Not to challenge the notion of tax but to seek an answer: what would be a better solution to the deindustrialization of the US then? China has 350X of the shipping building capacity than the US. We couldn't even produce masks fast enough so we had to buy BYD's during the Covid. GM's factory looked like a WII-era run-down workshop compared to BYD's fully-automated factory. DJI took more than 99% of the drone market. Another question how we deal with imbalanced tariffs, like China and Europe could place higher tariff on some products than we do to them.
Another worry is losing talent. Industry know-how is a living being. It is symbolic with the people who actively work in an industry. On the other hand, real demand produces real talent in mass. Again and again in history, a small town or a small area could produce enough generals and politicians to rule an empire. A few city states could lay the foundation of modern science and civilization. Americans in the midwestern invented so many things and built so many great companies during the industrial age as well, even though they've been suffering greatly in the past few decades.
> what would be a better solution to the deindustrialization of the US then?
Unfortunately, given the geopolitical necessity, the question is moot. The people of the United States, regardless of what they might claim, do not actually want reindustrialization. It's easy enough to prove: are Americans willing to either accept wage decreases in line with non-Americans, or accept price increases that would cover the cost of paying American wages? The answer is definitively "no", and thus reindustrialization cannot happen. (But machines, you say. Those machines work just as well in China as in America, staffed by Chinese techs who will work for less. This solves nothing.) Americans want to eat their cake and have it too, and unfortunately this is not how reality works.
But no politician ever got elected by telling the electorate that what they want is incompatible with reality. No, if the electorate wants a pony, you promise them a pony, and then when the pony fails to show up you blame it on... let me check today's notes... woke DEI communist pony salesmen.
> are Americans willing to either accept wage decreases in line with non-Americans, or accept price increases that would cover the cost of paying American wages? The answer is definitively "no", and thus reindustrialization cannot happen.

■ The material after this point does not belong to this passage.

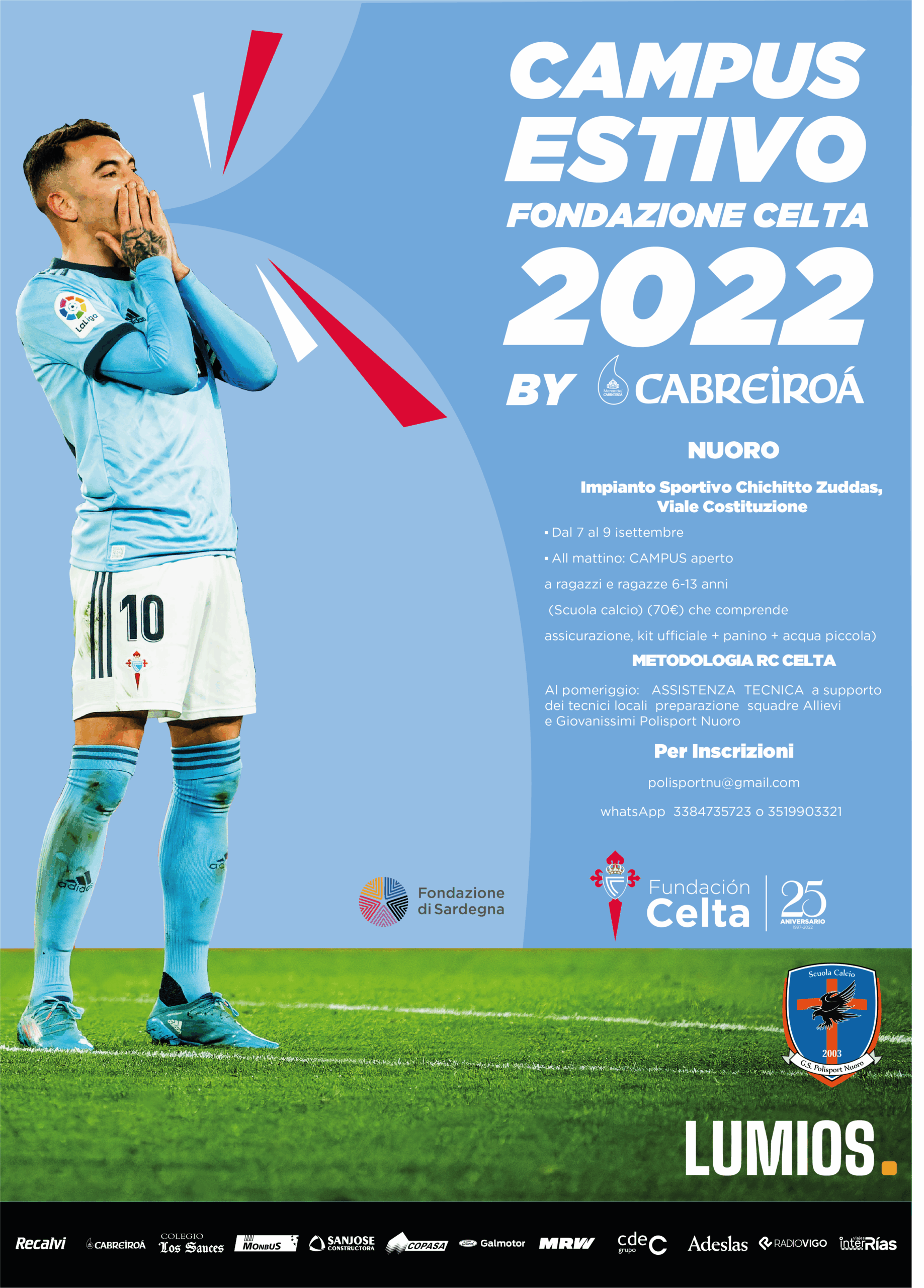 Grazas á colaboración do club local ASD Scuola Calcio Polisport Nuoro e da empresa Lumios HP Sport Services, achegáronse os valores do deporte e a forma de traballar do RC Celta aos máis pequenos ao longo de 3 intensas xornadas, que se complementaron con asesoramento. aos técnicos do club local polos técnicos desprazados da Academia Celta.

The answer is not "definitively" no. Trump ran on tariffs and definitively won. And I know many people (myself included) who would happily "accept price increases that would cover the cost of paying American wages". Most of these people are low/middle income Trump voters. Trump won the $30k-100k voters a year. Harris won all other income brackets.
The prominence of the inflation narrative and outrage over egg prices indicates otherwise. Nobody would be happier than me to see my country, my state, and my city all have healthy manufacturing sectors for locally-sourced essentials, but import taxes won't do that unless you're also willing to strategically subsidize industries for 20 years or more, and nothing about the current admin shows they have any grasp of long-term strategy.

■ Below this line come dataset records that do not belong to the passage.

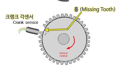 (Missing Tooth)가 있어서 센서에 달린 자석이 기어가 뺴진 홀(Missing Tooth)을 지나갈때 자석에 걸리는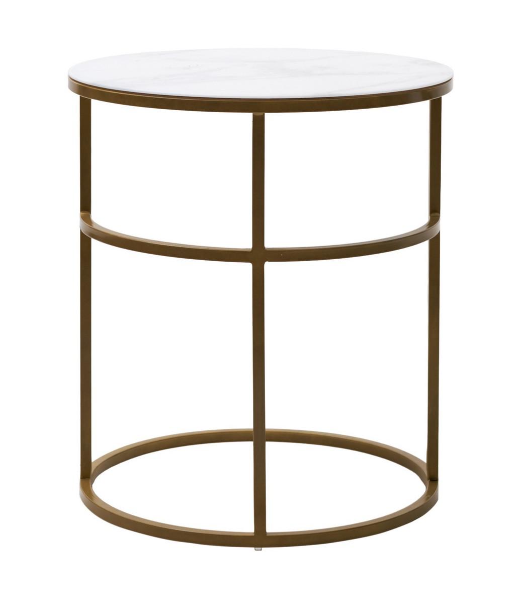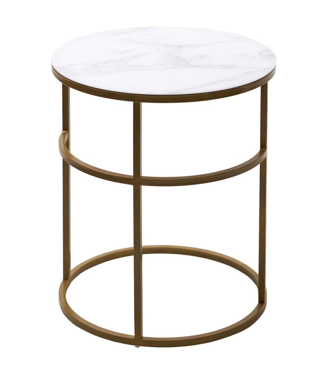 Стол журнальный М-СИТИ Журнальный столик Френсис Белый мрамор, стекло/ золотой каркас арт. 480M05155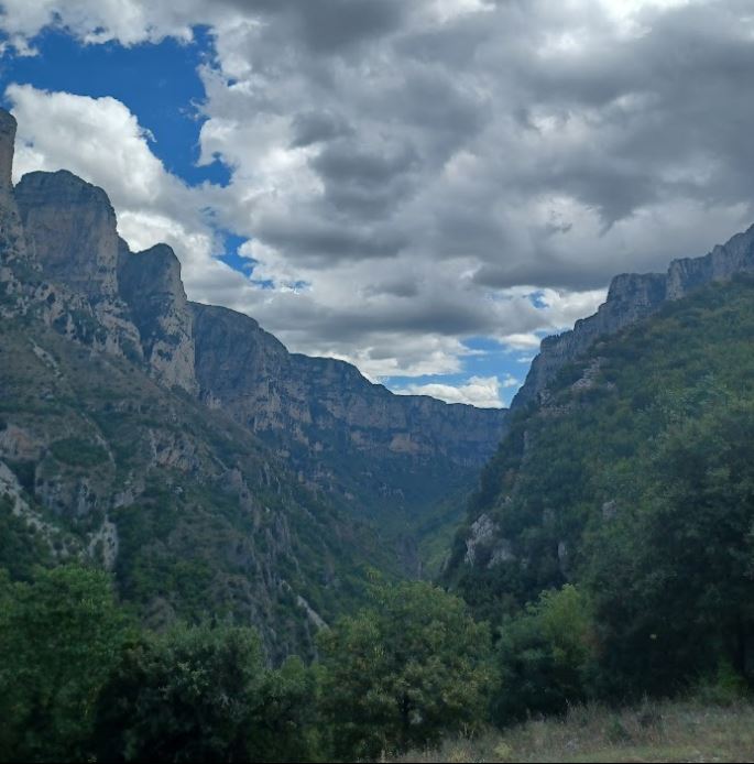 θέα στο φαράγγι του Βίκου από το ομώνυμο χωριό Βίκος. Στα ριζά του πηγάζει ο Βοϊδομάτης

There is no strong evidence to suggest tariffs were a major cause of the recent (starting in 2021) inflation, just read the wiki on it [1]
Trump started his first bout of tariffs in 2018, long before any surge in inflation.

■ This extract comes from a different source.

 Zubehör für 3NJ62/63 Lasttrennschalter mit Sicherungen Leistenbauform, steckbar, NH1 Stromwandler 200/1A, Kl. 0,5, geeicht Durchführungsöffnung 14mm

The TLDR cause was the pandemic. Basically supply chain broke down and didn't recover as fast as demand did.
The surge in egg prices is due to bird flu. Again, nothing to do with protectionism.
> but import taxes won't do that unless you're also willing to strategically subsidize industries for 20 years or more
Again, if you just open your mind and read the actual history in America on this topic, you can see that tariffs did indeed bolster American industry, again just read the wiki on it [2]
It’s just the latest memo that went out to neo-“liberals.” Obviously the rich favor free trade. That’s why American liberals consistently opposed free trade until Clinton’s third way approach.
> Not to challenge the notion of tax but to seek an answer: what would be a better solution to the deindustrialization of the US then?
You can simply nationalize manufacturing in critical industries. If you're not willing to go that far then throw incentives at failing industries to compensate for the higher cost of labor, so they can still compete on US soil.
This was Biden's philosophy with, say, Intel.
The benefit of nationalization (or at least subsidies) is that it doesn't need to pass the tax on to the consumers, and you can pay for it with a tax on oher things (e.g. billionaires) instead.
> You can simply nationalize manufacturing in critical industries
I'm not sure if this works. If anything, I'm strongly against it. Below are my data points:
- Chinese dynasties never managed to breed those amazing horses as European did. Since the Song Dynasty, despite government-run horse breeding programs that imported Ferghana horses, these amazing steeds degenerated into those typical Asian stunt horses within just a few generations.
- Look at China before 1980s. Everything was stated owned, and all the sectors were miserably corrupted, inefficient, and there was no innovation whatsoever. In fact, Soviet Unions managed to do the same. Yes, they had amazing researchers to make engineering and scientific breakthroughs, but ultimately they could manufacture efficiently. I hate to say this, but the reality was that nobody took China seriously at that time.
- Look at Britain. They ran their industries into ground, especially their auto industry, with a semi-state-owned approach.
- Look at how the US ran its defense industry. And look at Boeing. Or how expensive it is to build a battleship. It is not even state-owned, but just state-paid with cost-plus pricing.
In the end, state-owned industries will fail to incentivize its workers.